Arunachal women high on rolls, low in fray

Women in tribal communities in Arunachal Pradesh have no property rights.

Itanagar | Published: April 7, 2014 1:24:39 am

Arunachal Pradesh’s women voters marginally outnumber the men, but when it comes to contesting elections, very few women are in the fray. The state has 3,77,272 female voters against 3,75,898 males, with several assembly constituencies also having more female voters than males.

As the state goes to simultaneous elections for its 60-member assembly alongside the LS elections on April 9, only nine women have joined the fray. Of them three belong to the Congress, two to the NCP and one to the People’s Party of Arunachal, besides two independents.

“Electoral politics is still a far cry for women in Arunachal Pradesh,” says Jumyir Basar, an assistant professor at Arunachal Institute of Tribal Studies under the Rajiv Gandhi University. “The social set-up has been such that traditionally decision-making was almost entirely a male bastion for ages. Thus, though modernity and education have arrived, society is probably not yet ready to accept leaders women,” says Basar, a Galo.

Women in tribal communities in Arunachal Pradesh have no property rights. “Due to a strong patriarchy, women do not have any property right. If you stand in an election you need money. But where do you get money when you don’t even have right to property?” Basar says.

Kesang Degi, a Monpa tribal, feels women here are yet to be empowered in the true sense of the term. “Where is women empowerment? Where is education for women? It is only recently that we have seen girls coming out to enrol in colleges,” says Degi, associate professor of education at RG University. Interestingly, the number of girls in her department is much higher than that for boys.

Taba Nirmali, NCP candidate for Itanagar (assembly), disagrees. “There are few women in active politics. But in teaching, banking, church, self-help groups and NGOs, women are more and are doing better than their male counterparts,” she said. Nirmali, an ENT specialist had recently taken VRS to contest the elections.
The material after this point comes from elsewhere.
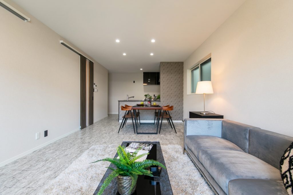ダイニング・キッチンにはダウンライトを採用し、仕切りやカウンターの立ち上がりのない人気のフルフラットタイプのキッチンは開放感抜群です!

In the 2009 assembly elections, two out of nine women candidates won. Even then, Arunachal Pradesh is much better than Mizoram and Nagaland have no woman member.

Itanagar-based lawyer Rosy Taba feels the society here still considers women a shadow of their husbands. “Women have freedom, but no right. Not only men but most women too think they should not become part of the decision-making process. We are trying to change this,” says Rosy, who is campaigning for Taba Nirmali.

Arunachal Pradesh State Commission for Women chairperson Gumri Ringu is upset with political parties that make so many promises for women during elections. “When it comes to reality, no party wants to make room for women,” said Ringu.